## Work task
Leaving out the pictures, retype exactly the lines from the one holding "Het bedrijf OpenAI" through the end of the material.

## Supplied information
※ ※ ※
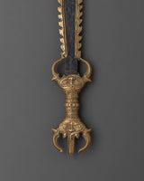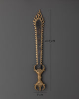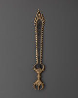 This Tibetan Sacred Sword is a masterfully crafted ceremonial tool, combining iron and brass to ensure both strength and elegance. Measuring 40.5 cm in height and 6 cm in width, it is perfectly sized for use in Tibetan rituals and spiritual ceremonies. Symbolizing purification, strength, and the power to cut through spiritual blockages and ignorance, this sacred sword serves as a potent emblem of transformation and clarity. Whether incorporated into your ritual practice or displayed as a meaningful artifact, it enriches your holy space by inspiring focus, protection, and spiritual growth on your journey toward enlightenment.
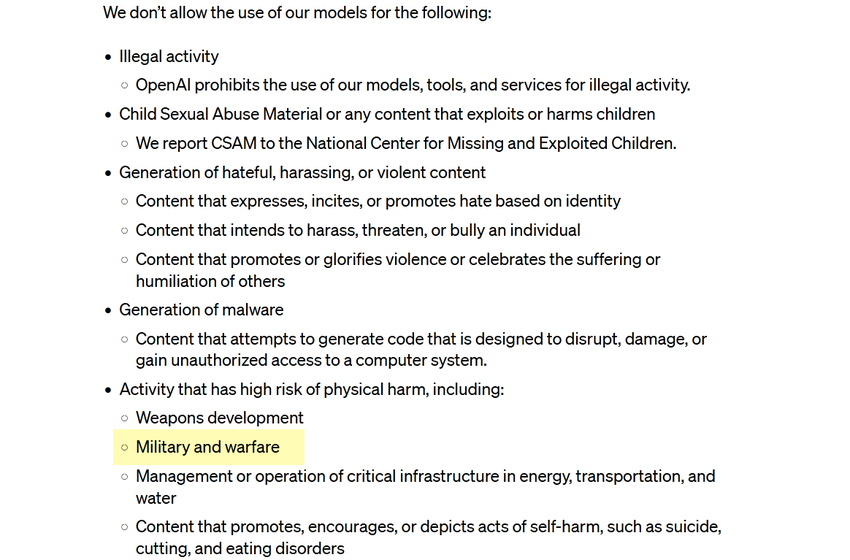 Het bedrijf OpenAI heeft onaangekondigde wijzigingen aangebracht in het beleid voor het gebruik van zijn producten. Met name een direct verbod op het gebruik van chatbots en andere ontwikkelingen voor militaire doeleinden is uit het document geschrapt.
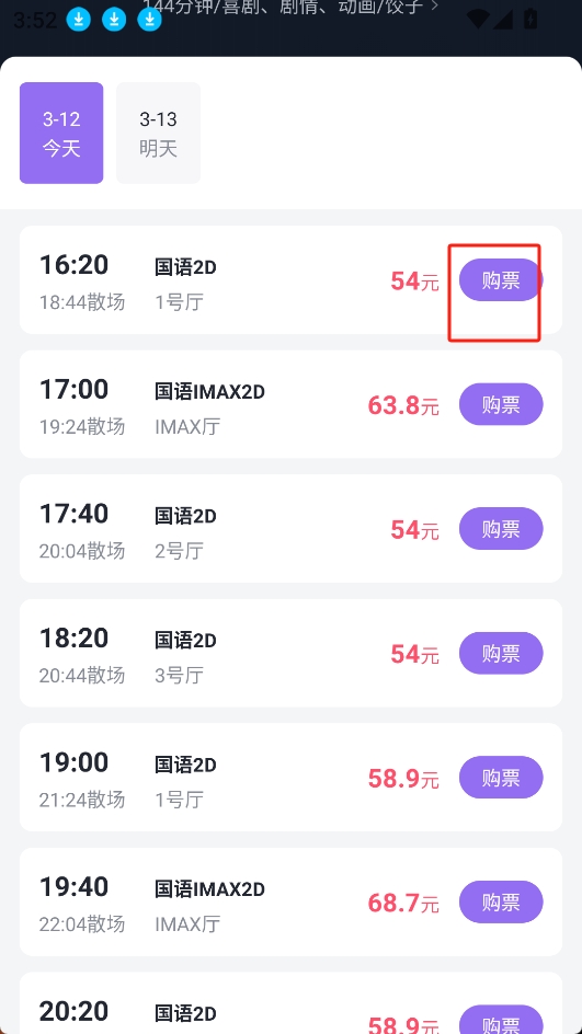 2.搜索完成后選中你想要觀看的影片,點擊右邊的“購票”;
※ ※ ※
## Your solution
 Het bedrijf OpenAI heeft onaangekondigde wijzigingen aangebracht in het beleid voor het gebruik van zijn producten. Met name een direct verbod op het gebruik van chatbots en andere ontwikkelingen voor militaire doeleinden is uit het document geschrapt.
 2.搜索完成后選中你想要觀看的影片,點擊右邊的“購票”;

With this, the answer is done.